[Start of section]

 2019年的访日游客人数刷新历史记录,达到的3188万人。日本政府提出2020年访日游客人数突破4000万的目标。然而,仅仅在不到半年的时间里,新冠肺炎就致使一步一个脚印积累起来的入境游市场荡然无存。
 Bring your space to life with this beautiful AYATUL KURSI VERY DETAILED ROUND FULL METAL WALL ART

[End of section]
[Start of section]

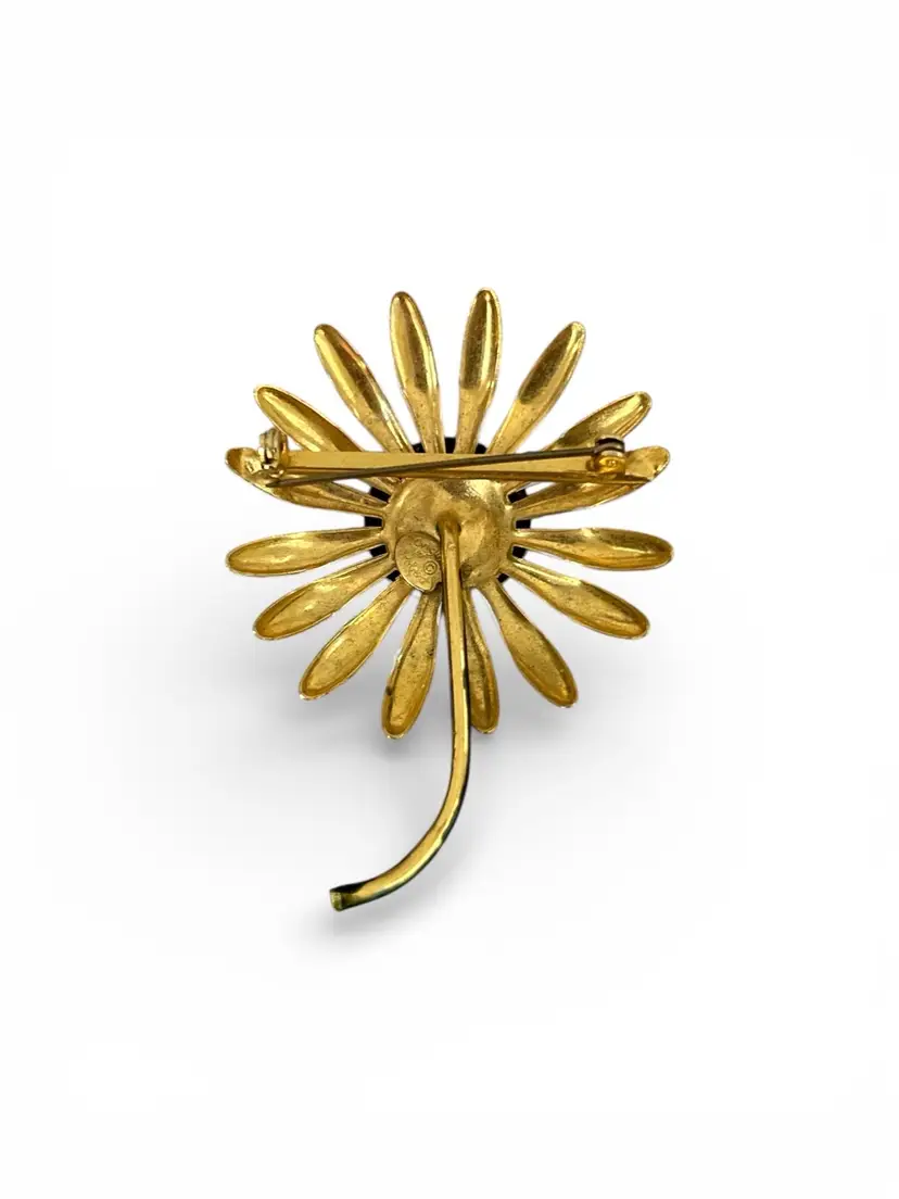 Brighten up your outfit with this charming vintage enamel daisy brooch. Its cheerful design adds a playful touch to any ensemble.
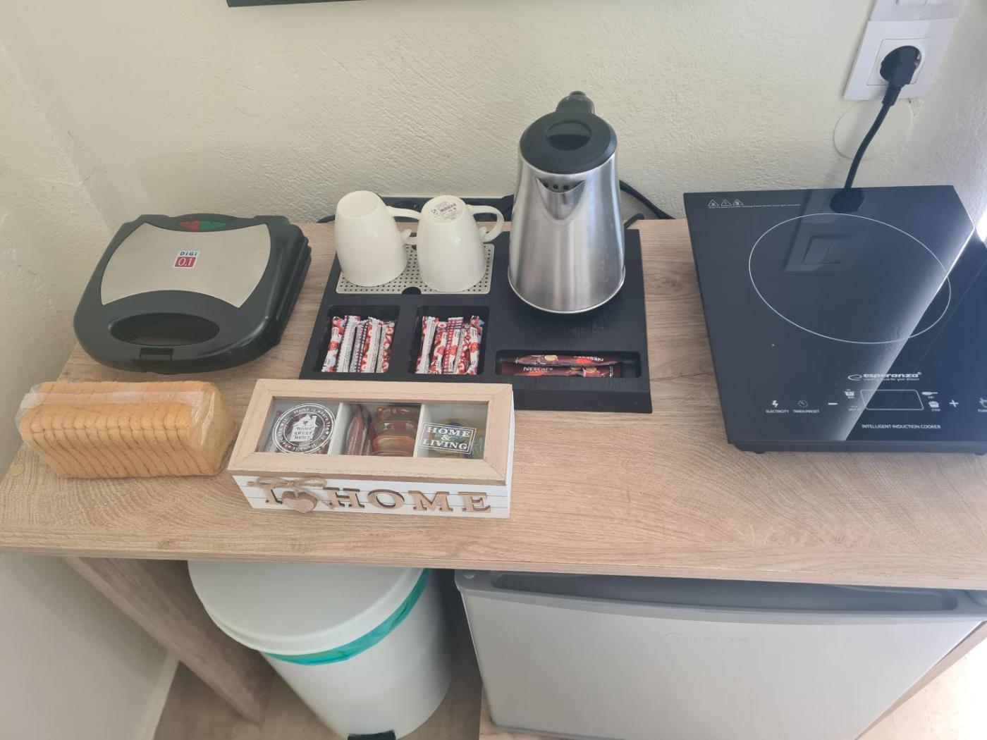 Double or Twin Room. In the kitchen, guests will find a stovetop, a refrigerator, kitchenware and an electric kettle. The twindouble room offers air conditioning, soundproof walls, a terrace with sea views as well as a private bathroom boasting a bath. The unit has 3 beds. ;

[End of section]

* Task objective
Please give an exact copy of the lines above, beginning with the line containing "2019年的访日游客人数刷新" and running through the line containing "Bring your space", and of no other lines.

* Reply to the exercise
 2019年的访日游客人数刷新历史记录,达到的3188万人。日本政府提出2020年访日游客人数突破4000万的目标。然而,仅仅在不到半年的时间里,新冠肺炎就致使一步一个脚印积累起来的入境游市场荡然无存。
 Bring your space to life with this beautiful AYATUL KURSI VERY DETAILED ROUND FULL METAL WALL ART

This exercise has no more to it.